Let’s start by looking at the Pivot clause.

To show you why you might need to do this type of operation, I’m going to show you a very simple example.

This is how the employee table I’m going to use for the example looks like:

ID NAME BIRTHDATE DEPARTMENT_ID HIRE_DATE
7 CHARLES DEAN 08-JUN-1973 00:00:00 3 01-MAR-2002 00:00:00
8 EDDIE FARREL 28-JUL-1980 00:00:00 1 20-APR-2009 00:00:00
4 STUART GARCIA 12-APR-1965 00:00:00 4 15-FEB-2010 00:00:00
11 LUKE MINT 19-OCT-1985 00:00:00 4 08-JAN-2011 00:00:00
9 GEORGE HAYES 03-AUG-1982 00:00:00 2 22-SEP-2012 00:00:00
3 LUISA JACKSON 08-MAR-1970 00:00:00 3 29-AUG-2013 00:00:00
2 JAMES BOSH 15-FEB-1992 00:00:00 2 01-JUL-2014 00:00:00
12 NIGEL OAKS 05-NOV-1997 00:00:00 4 01-OCT-2014 00:00:00
10 IGOR KEYS OSBOURNE 11-SEP-1987 00:00:00 3 14-NOV-2014 00:00:00
1 JOHN SMITH 01-JAN-1995 00:00:00 1 28-MAR-2015 00:00:00
5 JUSTIN BLACK 16-MAY-1990 00:00:00 1 02-MAY-2015 00:00:00
6 ANGIE CROOD 22-JUN-1998 00:00:00 1 01-JUL-2015 00:00:00
13 LUKE GREEN JR 05-FEB-1995 00:00:00 4 01-SEP-2015 00:00:00

Now suppose I am asked to create a query that tells me the number of employees that were hired in the years of 2014 and 2015 for each department. They want to see: The department id, and then a column for the number of employees hired in 2014 and another column for the number of employees hired in 2015.

How can I do that?
How would you do it?

I can’t do a simple count grouped by department, because it would count the number of employees of each department, regardless of the date in which they were hired.

So, how would you do it?

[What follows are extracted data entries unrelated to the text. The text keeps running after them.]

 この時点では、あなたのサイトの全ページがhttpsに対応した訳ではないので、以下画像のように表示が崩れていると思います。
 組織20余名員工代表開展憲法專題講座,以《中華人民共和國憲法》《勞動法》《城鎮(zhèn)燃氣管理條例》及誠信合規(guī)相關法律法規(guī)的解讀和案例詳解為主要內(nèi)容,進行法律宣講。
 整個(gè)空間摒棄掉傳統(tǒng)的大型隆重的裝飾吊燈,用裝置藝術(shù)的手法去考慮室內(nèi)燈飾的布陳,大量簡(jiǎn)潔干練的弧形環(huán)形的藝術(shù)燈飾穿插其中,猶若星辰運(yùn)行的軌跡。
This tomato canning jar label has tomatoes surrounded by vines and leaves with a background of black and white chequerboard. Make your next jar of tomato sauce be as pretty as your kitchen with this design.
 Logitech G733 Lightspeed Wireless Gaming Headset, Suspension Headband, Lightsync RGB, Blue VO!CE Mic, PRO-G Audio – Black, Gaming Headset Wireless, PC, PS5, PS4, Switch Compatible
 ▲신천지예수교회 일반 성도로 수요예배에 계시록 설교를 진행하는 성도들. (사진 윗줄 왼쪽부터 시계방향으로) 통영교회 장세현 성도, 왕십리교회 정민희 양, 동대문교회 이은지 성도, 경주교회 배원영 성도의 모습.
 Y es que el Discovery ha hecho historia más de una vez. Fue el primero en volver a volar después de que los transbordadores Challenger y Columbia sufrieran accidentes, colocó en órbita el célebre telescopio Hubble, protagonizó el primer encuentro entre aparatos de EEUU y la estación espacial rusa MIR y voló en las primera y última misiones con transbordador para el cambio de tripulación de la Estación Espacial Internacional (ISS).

Think about for a moment.

Somehow, I need to count employees, but as we discussed earlier, a simple count won’t work. So, in one column, I need to count employees only if they were hired in 2014, and in another column I need to count those who were hired in 2015.

Since there is a condition involved here, it sounds like a job for a CASE expression.

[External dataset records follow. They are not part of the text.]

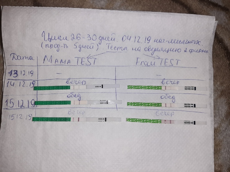 Очень хочу забеременеть. Решила в этом месяце отследить овуляцию с помощью тестов. Использовала при этом 2 вида тестов. Цикл 26-30 дней. Продолжительность менструации 5 дней.Прилаживаю фото результата. Посоветуйте когда стоит начинать действовать)
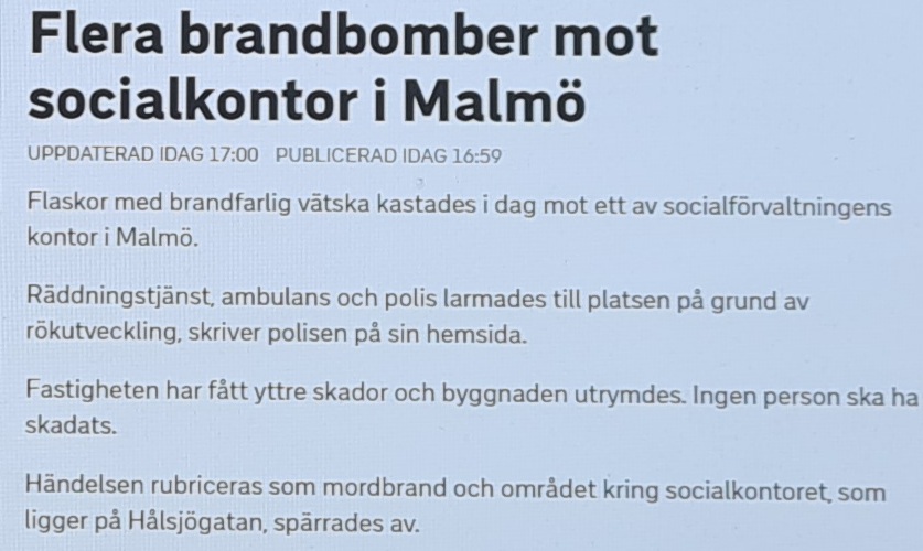 Så skedde till exempel i Malmö tidigare idag när brandfarlig vätska kastades mot ett av socialförvaltningens kontor på Hålsjögatan. Ponera vilket helvete det skulle bli om tusentals missnöjda migranter började attackera personal eller vandalisera byggnader runt om i landet och polisen som inte ens kan hantera den existerande grova brottsligheten skulle hamna i underläge rätt omgående.
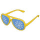 This novelty Christmas sunglasses have large frosted light blue snowflakes set against a darker blue background. You can choose the frame colour of your choosing. This would be a fun addition to a Christmas holiday party, a Christmas party photo booth, and a great ugly sweater accessory.
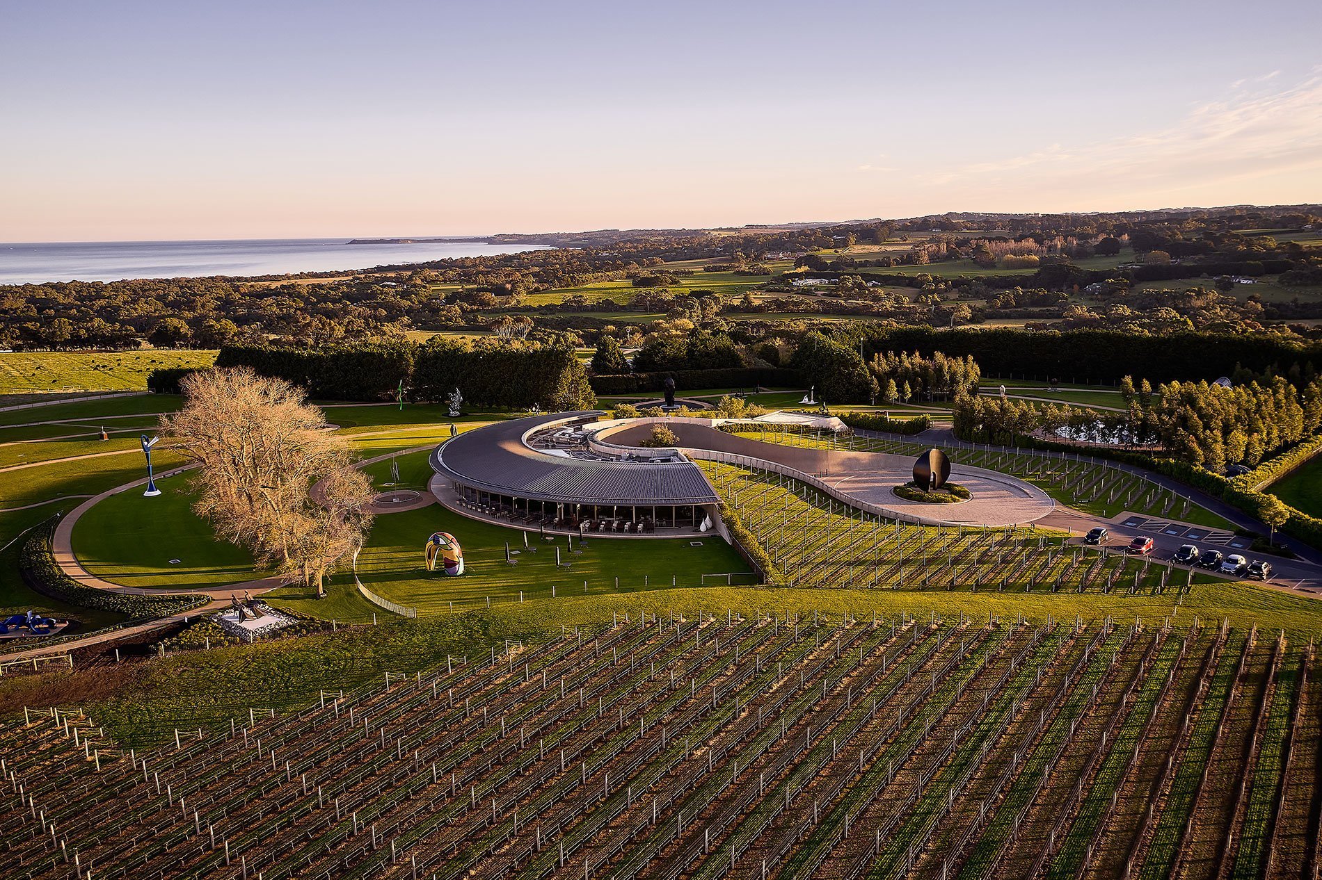 摩寧頓半島具代表性的藝術酒莊,莊園門口處是由墨爾本著名建築師Jolson設計的波浪形的混凝土結構,門前種有70多年樹齡的麵包樹更是由昆士蘭移植至此。進入莊園後,大片的落地窗可以看到一片片葡萄園和一覽無遺的海灣全景。團友可在優美的環境下享受優質午餐。
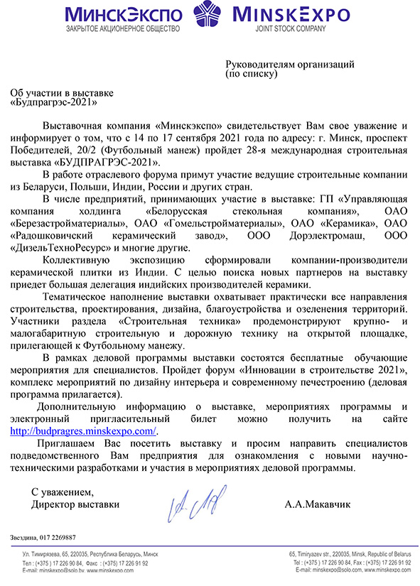 Приглашаем посетить 28-ю международную строительную выставку «БУДПРАГРЭС-2021»
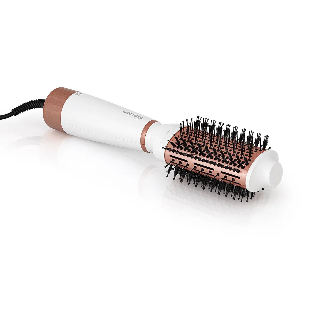 Cepillo Secador y Voluminizador 3 en 1 Potencia 1200 watts Doble función, reduce a la mitad el tiempo de uso, Seca y Peina. Generador de Iones Negativos, cabello libre de frizz Regulador de temperatura + aire frío Placas recubiertas con cerámica Dos tipos de cerdas, naturales y nylon, desenredan y voluminizan. Diseño ovalado para alisar y darle volumen al cabello Ventilaciones únicas que permiten un secado en menor tiempo. Cable giratorio, Como en todos sus productos para el cabello, Siegen incorporo en su ondulador pinzas de cerámica y turmalina, que permiten darle un cuidado extra a tu cabello, para mantener tu melena saludable y con más brillo.
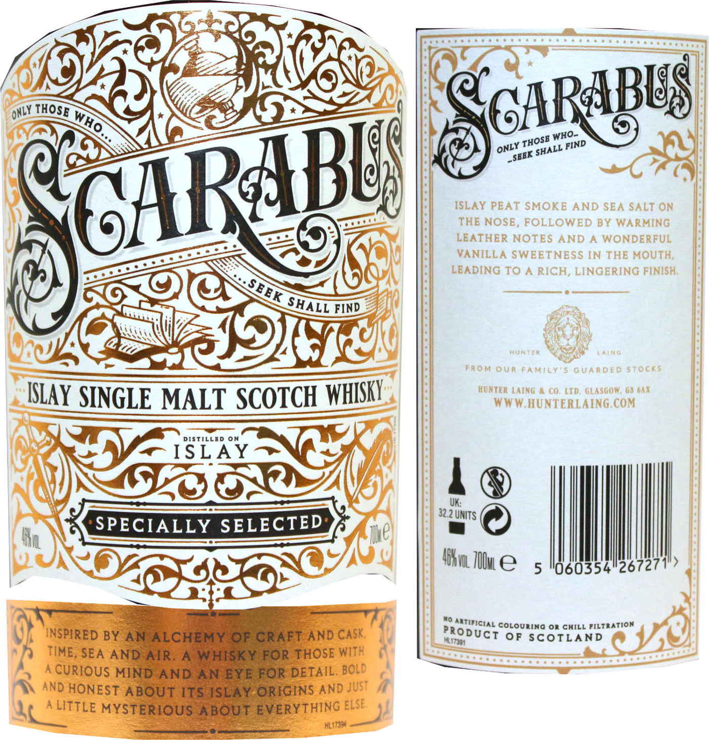 Scarabus tasting notes read "Aromas of Islay peat smoke and sea salt, followed by warming leather notes, stewed rhubarb and a wonderful vanilla sweetness on the palate, leading to a rich lingering finish."

So, my query using COUNT and CASE expressions would be something like this:

SELECT department_id, COUNT(
    CASE TO_CHAR(hire_date, 'YYYY')
      WHEN '2014'
      THEN 1
    END) AS "2014", COUNT(
    CASE TO_CHAR(hire_date, 'YYYY')
      WHEN '2015'
      THEN 1
    END) AS "2015"
FROM employee
GROUP BY department_id
ORDER BY department_id;
DEPARTMENT_ID 2014 2015
1 0 3
2 1 0
3 1 0
4 1 1

In this example, the CASE expressions will return NULL when the condition is not met, and since COUNT only counts rows where the column or expression passed as argument is not null, it will only count the rows where the CASE expression’s condition evaluated to true.

Now, there is an easier way to do it, that is available on version 11g or above, and it is by using the PIVOT clause.

Here is the equivalent query (we are going to review it together).

SELECT *
FROM
  (
    SELECT department_id, TO_CHAR(hire_date, 'YYYY') AS YEAR
    FROM employee
  )
  PIVOT (COUNT(*) FOR YEAR IN (2014, 2015))
ORDER BY department_id;

This produces the same results than our previous query, but this query looks simpler, don’t you think?

Okay, let’s review it!

The code in line # 7 is what does the magic, and it is called the PIVOT clause, and some people also call it “the pivot operator”.

Here is a short explanation:
The PIVOT keyword is mandatory, and then, enclosed in parentheses, you have to provide an aggregate function, which in this case was COUNT(*). After the aggregate function it comes the FOR keyword and then it comes a column whose rows you want to rotate into separate columns. In this case the column I used is “YEAR”, so each row in this column will become a separate column in the final result set. Then it comes the IN keyword, and then between parentheses, the list of values for which I want separate columns. In this case, I want a column for 2014 and one for 2015.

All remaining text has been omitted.